As is so often the case in South Florida the year 2008, in order to get some interesting Florida political news (rumors?) about what's going on, I had to avoid today's Herald and Sun-Sentinel and go Back to the Future.
Or, as in this case, failing to have a flux capacitor of my own, going back to the Hallandale Beach Blog email inbox from Friday.
Friday morning, shortly before Noon, John Kennedy of the Orlando Sentinel's always informative Central Florida Political Pulse wrote, per a warning from Florida superdelegate Jon Ausman about a possible portent of things to come in the Sunshine State, now that Senator Obama is the party's nominee.
In case you've forgotten, Ausman was the first Florida non-politician to speak at last Saturday's DNC Rules & Bylaws kangaroo court of an inquisition.
In my opinion, watching the proceedings on C-SPAN rather than Obama-leaning MSNBC, Ausman spoke FAR TOO MUCH about the princely entitlements of the superdelegates, and how the rules of the party's charter prevent anyone -well, not then currently living at 1600 Pennsylvania Avenue- from preventing that crew of self-serving super heroes from having a vote on the convention floor, even if their own state is shut-out from participating.
Well, that is unless an individual superdelegate has been convicted of something serious like, you know, sedition or assassination or something other-worldly. (Then he only has a half-vote.)
It seemed a wee bit too precious and self-indulgent for a guy who should've taken the offensive by talking from the p.o.v. of the Florida vox populi that turned out in record numbers just five months ago.
Remember them and their intentions?
On the other hand, unlike most Florida Dem party leaders and pols, like House Minority Leader Dan Gelber and Senate Minority Leader Steve Geller, Ausman was publicly encouraging a public discussion among Florida Democrats of what the logical consequences would be of moving the FL Primary, so that there'd be no room for excuses or recriminations in the future.
You know, our reality the past few months?
Here's the true proof of that: personal attacks against Ausman by the get-along gang across the state that brooks no disagreement, in a September 14th post in The Buzz, the excellent politics blog of the St. Pete Times: http://blogs.tampabay.com/buzz/2007/09/ausman-stikes-b.html
A different approach was that of FlaPolitics http://www.flapolitics.com/ supporting Ausman's call for double-dipping: from August 31, 2007
http://www.flapolitics.com/showDiary.do?diaryId=2066
"What’s important here is the concept of the possibility of Florida getting a double dip at selecting the next Democratic nominee. I don’t know about you, but I like it."

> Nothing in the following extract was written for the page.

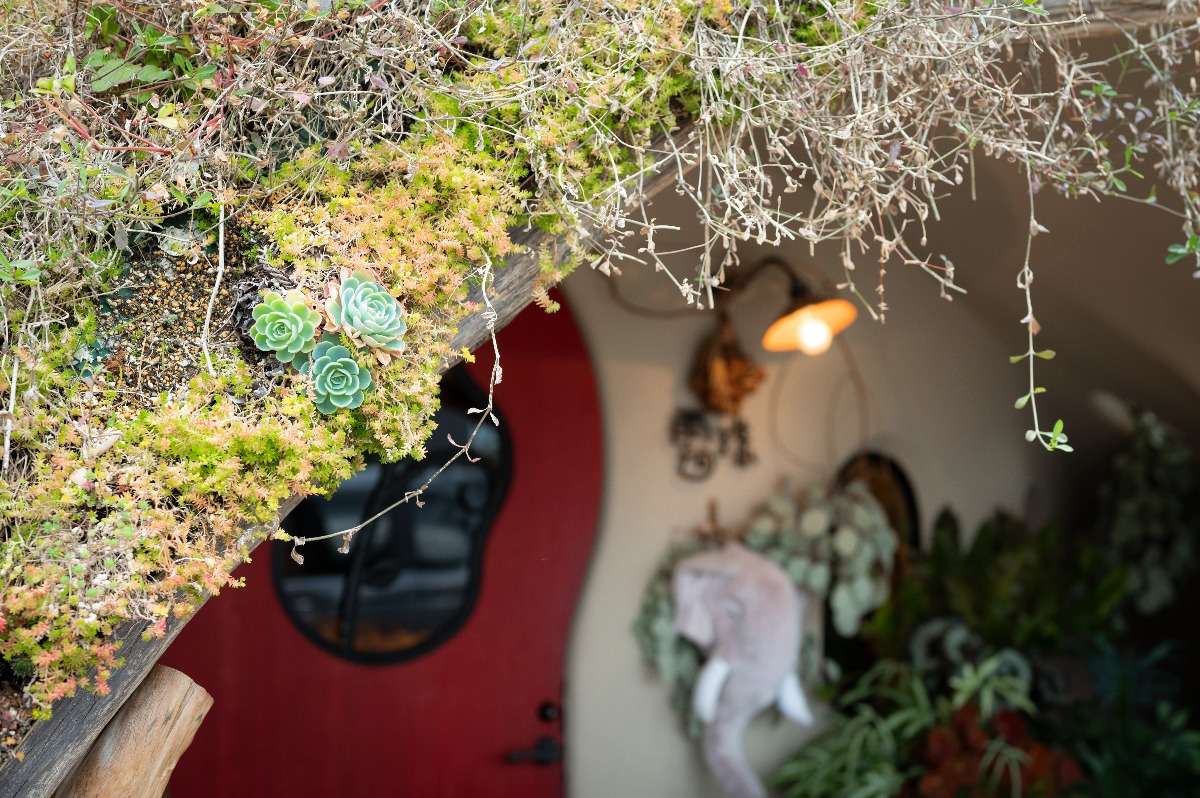 赤い扉とその隣でお客さんを出迎えるゾウさんは、移転前のお店から受け継がれています。

If Ausman's current allegation is true, it's about what I expected from Team Obama, frankly, which just makes it the latest in a series of reasons why I couldn't possibly vote for him when I had the chance to in January.
And why, five months hence, I won't vote for him in the general election, despite my particular disagreements with Senator McCain on aspects of his public policy.
No Kool-Aid for me, thanks, I'm a Coke Classic guy.
Future posts here as well as over at South Beach Hoosier will not only discuss McCain and Obama's relative merits on policy issues, but observations from my own extensive political campaign background -which I've hinted at here and there in the past, but otherwise kept under wraps-and how political lessons learned then, might just apply here as well.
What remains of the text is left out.